Friday, July 18, 2014

Grafted Trees

I know it is a bit late in the year since I actually wrote this post.  Things got quite busy on the farm and then Alicia and I had a baby boy earlier this month so that is keeping us both quite busy but here is the post that I started months ago:

To me one of the more beautiful sights in spring is seeing all the trees in bloom.  The past couple of years I have been doing some grafting on fruit trees at Casa Maria in Milwaukee, at the farm in Watertown and even at my parents house.

Grafting describes any of a number of techniques in which a section of a stem with leaf buds is inserted into the stock of a tree (UMN Extension Grafting Site).  So the reasons for doing this are many.  For example you have a favourite kind of apple tree and you want to duplicate it.  The problem is that planting the seed from your favourite apple tree will not give you the same kind of fruit.  That is to say planting the seed from a Jonagold will not give you a Johnagold tree.  So instead you take a bud or a twig/stem from the Johnagold tree and splice it into another apple tree.  This way the genetic material from the Johnagold will then be in the grafted tree.  We have lots of grafted trees at the farm.  Some are grafted so that the they don't grow to be full sized, others are grafted so that we can multiple varieties from one tree.  In Milwaukee I grafted a pear tree with several other types of pears.  Multiple varieties are needed nearby in order for the tree to pollinate and set fruit.  This way I only needed to have one pear tree.  The grafts that I did a few years ago now are quite large and look well established.

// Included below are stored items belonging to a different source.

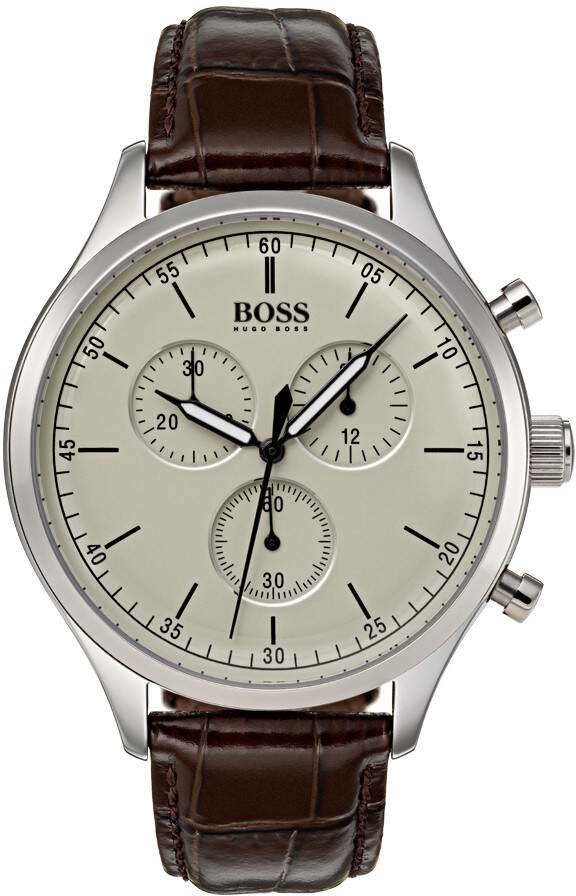 Hugo Boss 1513544 Companion -kellon design on hyvin klassinen. Kellossa on harmaa kellotaulu, hopeanvärinen runko ja ruskea nahkaranneke. Ominaisuutena ajanotto. Kellon rungon leveys on 44mm ja rannekkeen kiinnityskohdan leveys 20mm. Rungon paksuus 11mm. Hugo Boss kelloille myönnetään 2 vuoden takuu ja ne toimitetaan valmistajan alkuperäisessä rasiassa postikuluitta!
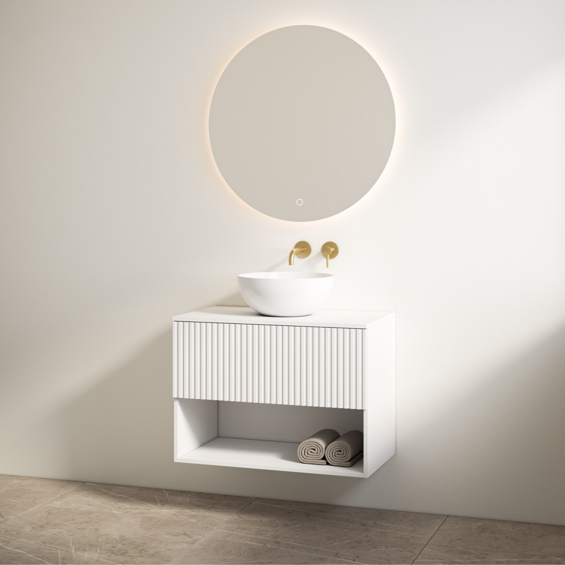 Een badkamermeubel moet niet alleen mooi zijn, maar ook slim ingedeeld. De Rigatti-60 biedt een moderne, luxe uitstraling met een mat-witte onderkast en een bijpassend mat-wit meubelblad. De softclose-lade zorgt voor nette opbergruimte, terwijl het open schap ideaal is voor handdoeken of stijlvolle accessoires. Het meubelblad heeft geen voorgeboord kraangat of afvoergat, waardoor de ideale opstelling naar wens kan worden bepaald. Voor een staande wastafelkraan kan eenvoudig een kraangat worden gemaakt. Bij een inbouw-wandmengkraan blijft het blad ongewijzigd.
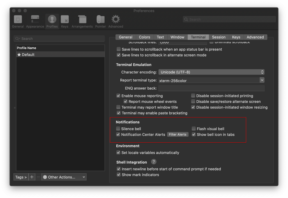 해당 경로는 " iTerm2 실행 > Preferences > Profiles > Terminal > Notifications"
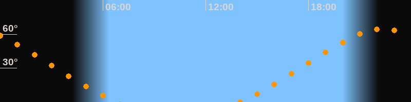 | Aufgang | 13:56 Uhr im Nordosten (αAz = 46,5°) |
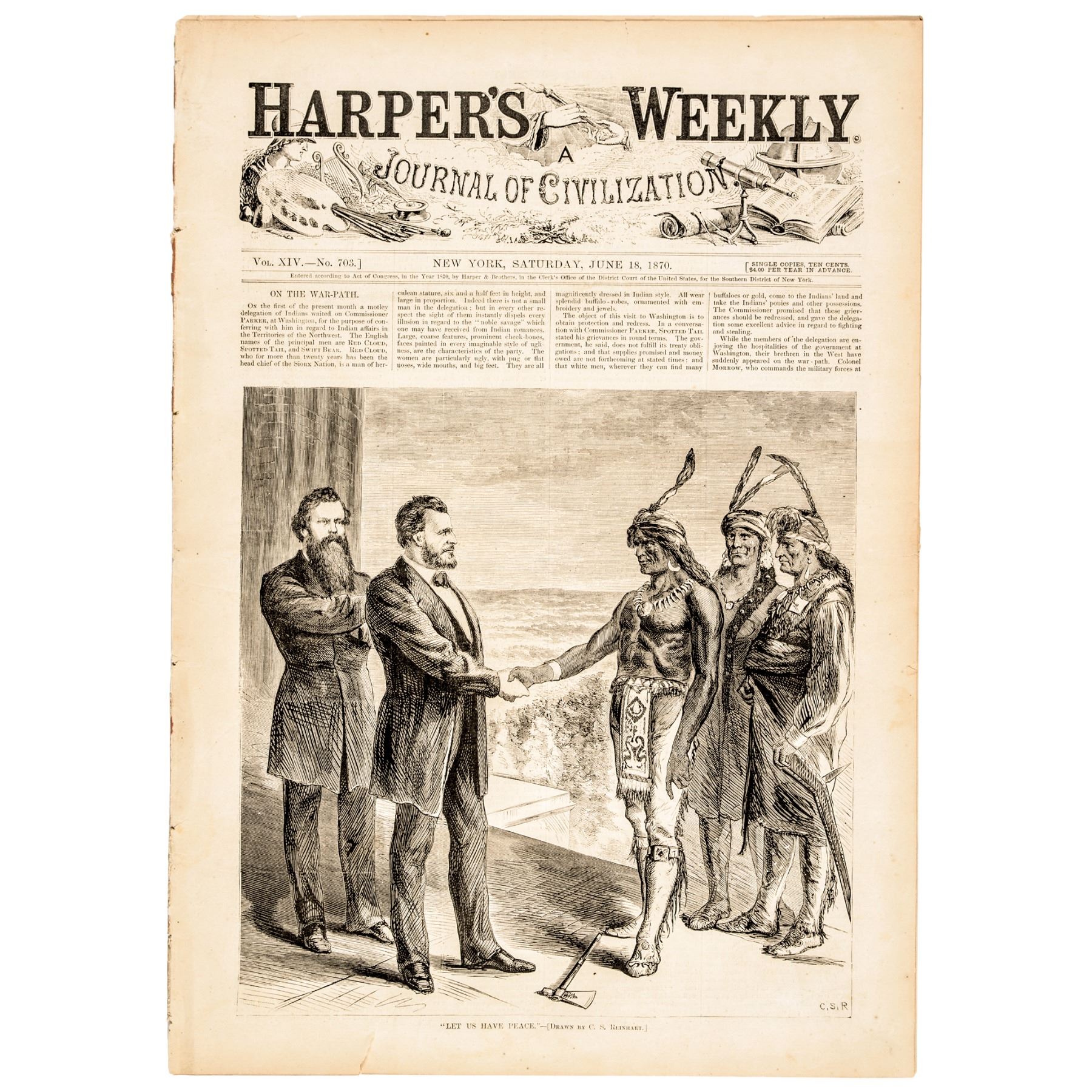 Impressive cover artwork shows an engraving of President Grant greeting Native American Indian Chiefs Red Cloud, Spotted Tail, and Swift Bear, a Peace Pipe Tomahawk shown laid down on the floor, with the caption below reading, “Let Us Have Peace.” Initials “C.S.R.” as the engraver in the lower right corner. Also, captioned above begins and article plus an interior full horizontal page of “Indians on the War Path.”
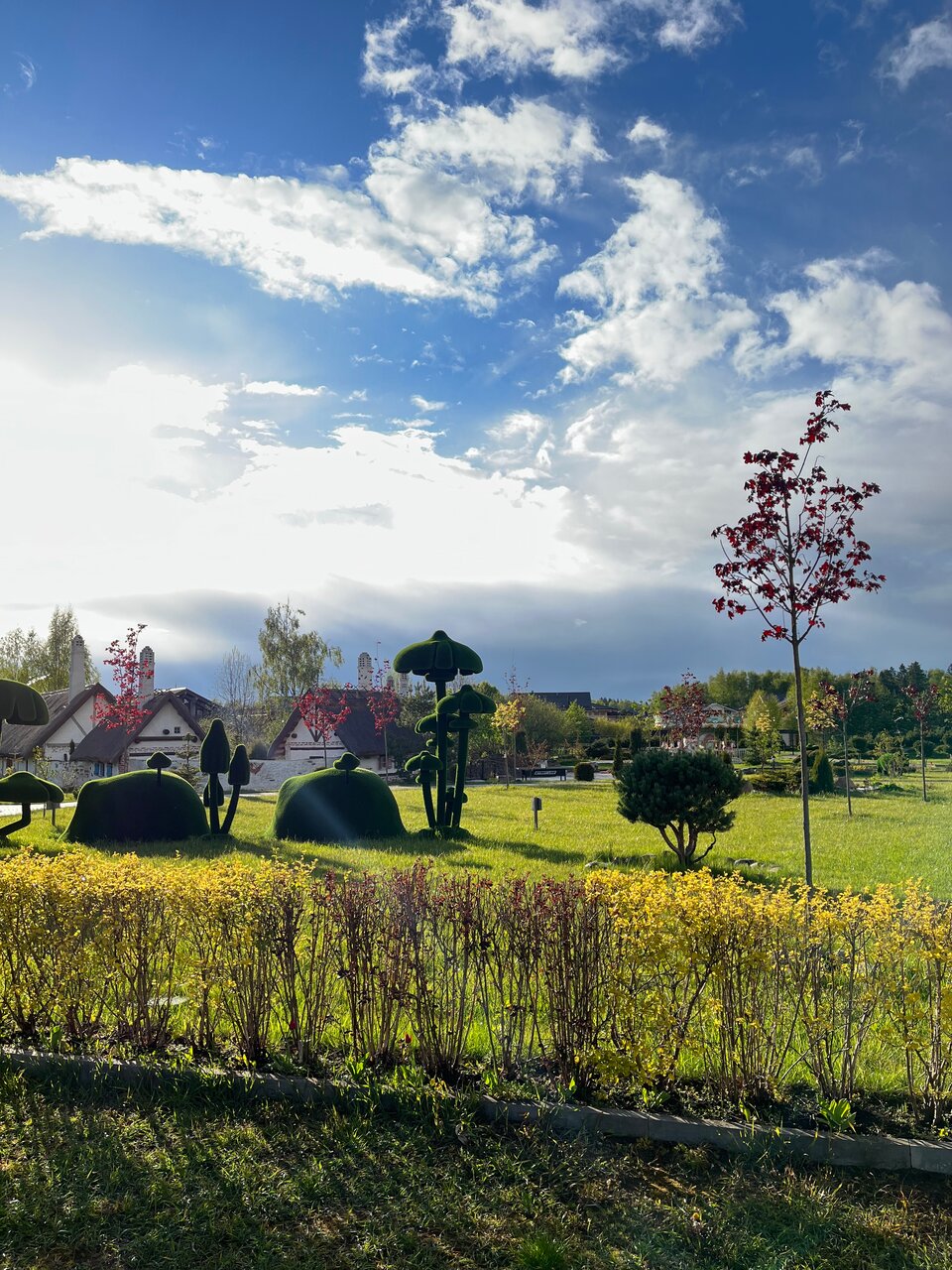 - Большая территория с развлечениями (зоопарк, детская площадка, топиарии).
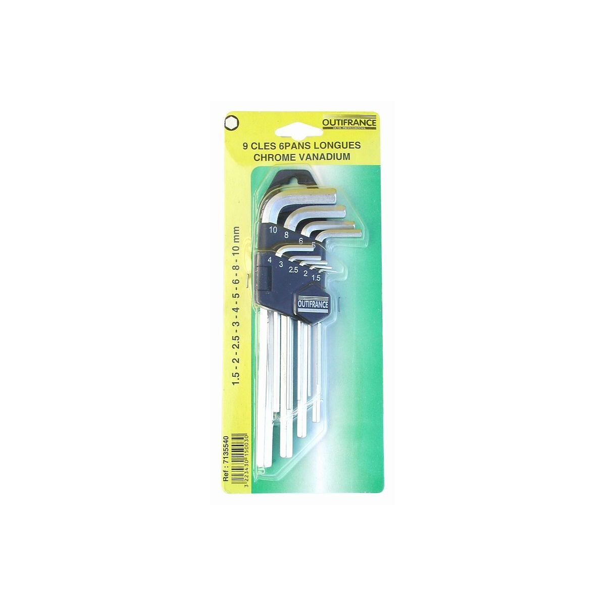 Jeu de clés 6 pans sur support. Série longue. 9 clés en chrome vanadium. Support de rangement plastique. Qualité Pro. 1,5/2/2,5/3/4/5/6/8/10 mm.
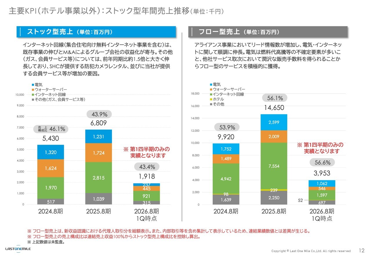 フロー型売上については、一時的な収益にはなりますが、アライアンス事業などの仕入において、リード情報数が大幅に増加しています。毎年営業活動が想定以上にうまくいっており、リード情報数が増加しているため、それに伴いフロー型収益も自動的に増加している結果となっています。
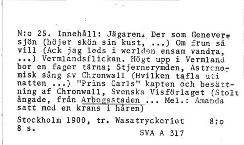 //// N:o 25. Innehåll: Jägaren, Der som Genever* sjön (höjer skön sin kust, ...) Om frun så vill (Ack jag leds i werlden ensam vandra, ...) Vermlandsflickan. Högt upp i Vermland bor en fager tärna; Stjernerymden, Astronomisk sång av Chronwall (Hvilken tafla uti natten ...) "Prins Carls" kapten och besättning af Chronwall, Svenska Visförlaget (Stolt ångade, från Arbogastaden ... Mel.: Amanda satt med en krans i håren) //// Stockholm 1900, tr. Wasatryckeriet 8:0 //// 8 s* SVA A 317 ////
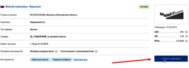 Отправляете созданную рекламную компанию на модерацию. Ждете, когда ее одобрят и переходите к следующему шагу. Если компанию не одобряют или же вы не можете найти рекламные материалы для компании, пишите менеджеру МаркетКолл, он поможет решить вопрос.
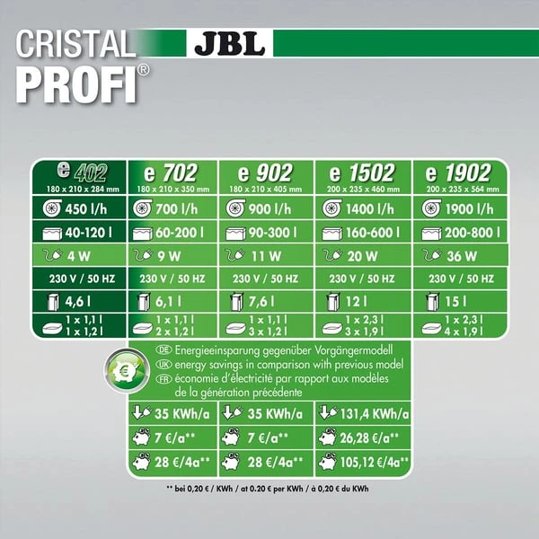 Mit nur 20 W Stromverbrauch bietet der CristalProfi e1502 eine hohe Energieersparnis. Bei gleichbleibender effektiver Wasserumwälzung verbraucht das Gerät 27 % weniger Strom als vergleichbare Vorgängermodelle. Der patentierte Schlauchanschlussblock mit Sicherheitsventil verhindert den Austritt von Wasser beim Abkoppeln des Filters. JBL CristalProfi ist TÜV geprüft.
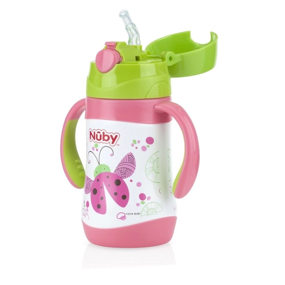 Nûby new Clik-it™ range of cups offers leak-proof technology that you can see and hear so moms and dads won’t have to worry about spills and leaks when cap is closed! The NEW No-Spill™ Stainless Steel Insulated Cup with its colorful two-in-one cup design not only keeps liquid warm or cool; it also helps protect furniture from a “sweating” cup. This cup features a soft silicone straw, which is gentle to child’s tender gums and emerging teeth. The soft silicone straw is covered by an easy-to-use flip-top cap. This uniquely designed feature protects the straw from contamination when not in use. Great for travel and short trips! Flip-cap keeps straw sanitary and clean. When child is ready to use the cup, push the button on front of the cup and clip the cap back to expose the straw. The leal-resistant cup dispenses a variety of liquids, ranging in consistency from fruit juices to milk and water. All Nûby™ products are made of safe, durable materials.
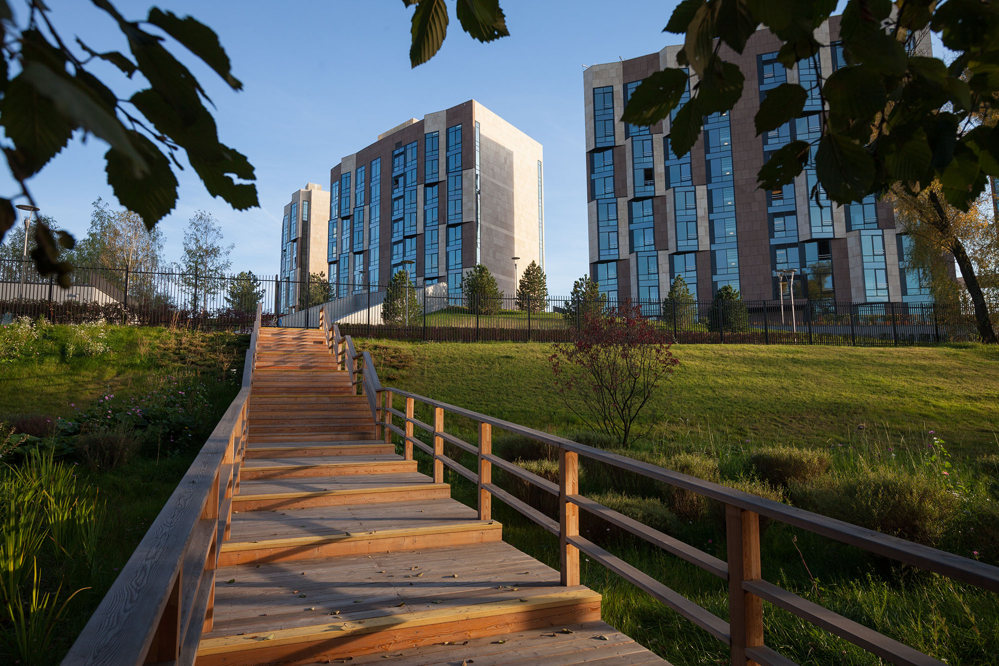 В пешей доступности от Сколково Парк находятся знаковые, но не привлекающие к себе лишнего внимания инфраструктурные, рекреационные, образовательные объекты.

At the farm I grafted a variety of different apples onto the crabapple tree.  The white flower is from a standard apple and the grafted branches should bear fruit in just a couple of years instead of a long time that it would take for the tree to grow from seed and then be grafted.  An additional plus is that the crab apple is very hardy and well established. 
The white flower is the grafted apple onto the crab apple.

I also tried something new this year.  I did some green grafting with grapes.  Green grafting as I am calling it is when the scionwood is not dormant.  I need some more practice with it in order to get the right amount of a bud to get it to work but this is my first successful cultivated to wild grape graft.  I am eager to see what happens next year.

This is the result of my green grafting concord grapes onto a wild grape vine.  It actually took and is producing new leaves.

A piece of the concord grape cut and ready to be spliced/grafted onto a wild grape vine.  This method of budding didn't work as well for me when I tried green grafting.

A piece of concord grape vine cut for tongue graft which surprisingly worked.



The crab apple tree that has been grafted onto a few times.

The standard pink crab apple flowers.